The Edo State Governor, Mr. Godwin Obaseki, has made a strong case to the European Parliament for improved and sustained support that will strengthen the state government’s efforts to curb human trafficking and illegal migration.

Edo State Governor, Mr. Godwin Obaseki (3rd right); European Parliament, Santiago Fisas; Chairperson, Edo State Taskforce Against Human Trafficking, Prof. Yinka Omorogbe (third left), at the European Parliament, in Brussels, Belgium.

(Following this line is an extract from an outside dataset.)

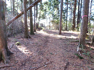 | 山行記 | ●この日は天気がいいというので、富士山が見たくなって弓張山を訪れることにした。今回は、前回見つけられなかった三遠南信道の渋川ICから浅間神社鳥居までの道を探そうと、豊川ICから高速に乗って渋川ICで下りてみた。 ●高速を下りるといきなり山間の集落の中の細い道に出るので、予め調べておいた道を辿って登山口の浅間神社鳥居を目指す。舗装されていた道は、分岐を繰り返しながら段々荒れた未舗装の道に代わっていく。 ●途中、浅間山への登り口を見つけたが、今回は予定の浅間神社鳥居まで行き、鳥居前の広場に車を停めて歩き始める。鳥居を潜り急な坂道を登っていくとしだいに傾斜は緩くなり、右から上がって来る道と合流すると、程無く浅間山山頂に着く。 ●浅間山山頂は樹林に囲まれた小広場で、展望は無いが浅間神社の立派な祠がある。浅間山山頂からは、少し下り、以降は弓張山脈の樹林帯の中の薄暗い広く平坦な県境の稜線道を歩いていく。 ●しばらく行くと道は緩やかな上り坂に代わり、しだいに斜度を増していくと、岩の露出した箇所があり、そこを過ぎると弓張山山頂に着く。弓張山山頂も浅間山山頂と同じく樹林に囲まれていて展望は無い。 ●弓張山山頂からはやや急な下りが始まる。道は林道を歩くようになるが、途中で左の山道に入り、最初は低木の枝が道に張り出し邪魔だが、すぐに歩きやすい道に代わり、やがて舗装された林道に出る。 ●少しその林道を歩くのだが、東側は広く伐採され展望が広がっている。南アルプスや富士山、浜松市街、遠州灘まで見渡すことができる。しかし、富士山が思っていたよりも小さかったのは少々期待外れだった。 ●暫し展望を楽しんだ後、再びその先の山道に入るが、案内は無いし、仮に舗装道をそのまま進んでだとしても同じところに出るので心配はない。 ●その山道をしばらく上り、再び下ると弓張山と城山の鞍部に出る。そこは、いろいろな道が集まる6差路になっているが、ここはまっすぐ続く山道を登る。 ●山道は舗装道を見下ろしながら登っていくが、一旦なだらかになり、再び始まる急坂を登切ると未舗装の林道に出る。未舗装の林道を左に進むと、すぐに舗装道に出るので、それを登っていくと目の前にこの山のシンボルである2基の電波塔が見えてくる。電波塔の間の木々の中に城山山頂である三角点が設置されている。 ●城山山頂で少し休憩を取った後下山にかかるが、帰りは舗装道を歩いて下る。途中、分岐があるので左へ続く車両通行禁止の舗装道へ入る。道は一部未舗装で、大きく回って先程の弓張山と城山の鞍部に着く。 ●後は、舗装された林道をそのまま歩いていく。先程の伐採地以外は展望の無い単調な舗装道歩きで、そろそろ嫌になってくる頃、再び道が分岐するが、ここは案内に従って左に続く未舗装の林道に入る。 ●今まで歩いてきた林道と比べて一層暗く意外にアップダウンもある未舗装の林道をしばらく歩いていくと、やがて車を置いた浅間神社鳥居に到着する。 ●本当ならここで山行は終わりなのだが、この日はまだ体力的にも余裕があったので、往きに見た登山口が気になっていたので、それを確認してみることにして、林道をそのまま進む。 ●ところが、林道は意外に大きく下り、その登山口から浅間山もそんなに時間はかからないだろうと思っていたのは間違いだったようだ。鳥居から700〜800mのところでようやく登山口を見つけると、そこから登り始めた。 ●道は不思議なぐらい一定の斜度で上がっていくので、体の負担はそれ程でも無いが、山頂とは大分離れた分思っていたよりも歩く時間は長く感じた。しばらく登り続け、少し傾斜が増してくると、ようやく浅間神社鳥居から上ってくる道と合流する。 ●合流点からは一登りで浅間山山頂に着く。山頂で少し休んでから鳥居まで下り、帰りはいろいろと道に迷いながら高速を使わずに自宅まで戻った。 |

Governor Obaseki, who said this during a session with the European Union Parliament Sub-Committee on Human Rights (DROI), in Brussels, Belgium, noted that the state government has created structures and set up institutions such as the Edo State Taskforce Against Human Trafficking, to ensure reintegration of victims of human trafficking and illegal migration.

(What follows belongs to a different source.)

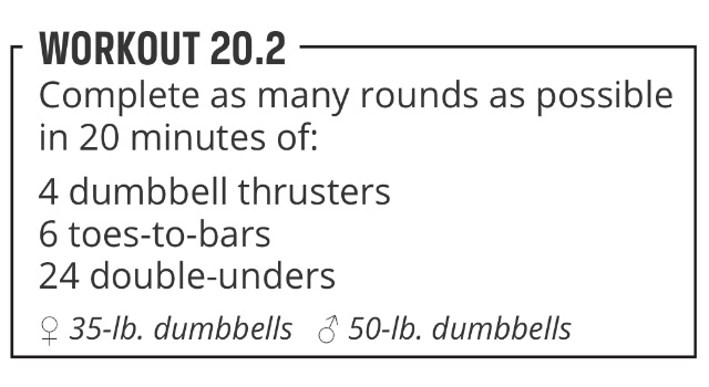 Le résumé de ce 20.2, il est simple, et rapide : le chrono sonne le départ des 20 mn et j’attrape mes 2 dumbbells. Je les clean puis, après avoir repris mon souffle, je pars sur mon 1er Thruster. Pas de pression, la charge est lourde, je ne me précipite pas, je verrouille bien mes coudes une fois en extension et je me repositionne avec les dumbbells sur les épaules avant de repartir pour une deuxième rép. L’une après l’autre, sans pression, même si tout le monde est déjà parti sur sa barre quand j’entame ma 4ème rép.

Part of the state government’s delegation is the Chairperson of the Edo State Taskforce Against Human Trafficking and the state’s Commissioner for Justice/ Attorney General, Prof. Yinka Omorogbe.

The governor said that much as the institutional framework has been firmed up, the state also needs improved support for sustainable implementation of its programmes to curb human trafficking, which will serve to reintegrate returnees and provide teeming youths with on-demand skills to become employable and self-sufficient in the long run.

According to him, “We have a wholistic programme to curb human trafficking and illegal migration. Already, the campaign has gotten the backing of the Oba of Benin, whose support has proved instrumental to curbing the trend.

“Our programmes do not only stop at receiving and reintegrating returnees into society, but also include well laid out plans to rebuild institutions for capacity building and vocational training such that our youths would acquire globally-competitive skills to enable them lead better, fulfilling lives.”

Governor Obaseki earlier met with a member of the European Parliament Sub-Committee on Human Rights, Mr. Josef Weidenholzer, to firm up modalities for the European Union’s engagement with the state government on strategies for enduring solutions to human trafficking.

Governor Godwin Obaseki has led an all-out-war against human trafficking and illegal migration.

Edo state accounts for a considerable share of illegal migrants out of Nigeria to Europe, a good number of who die in the Mediterranean while attempting to cross to Europe. But the Governor Obaseki administration has sustained a campaign against the trend, with the signing of the law against human trafficking last June which has been hailed by experts and analysts as a major milestone in institutionalising the campaign.

The state government’s law prohibiting trafficking in persons signed into law provides an “effective and comprehensive legal and institutional framework for the prohibition, prevention, detection, prosecution and punishment of human trafficking and related offences in Edo State.”

The European Parliament’s Subcommittee on Human Rights is responsible for “evaluating the implementation of EU instruments in the field of human rights and democracy, the right to hold the Commission and the Council accountable for their activities in this area and ensuring the continuous dialogue with international agencies working in the field of human rights in order to guarantee consistency between EU and international instruments in this field.

“The committee is also responsible for providing a platform for the analysis of human rights claims related to specific topics and/or regions and using this platform for input on human rights and democracy in reports to the Parliamentary Committee for Foreign Affairs, agreements with third countries included.”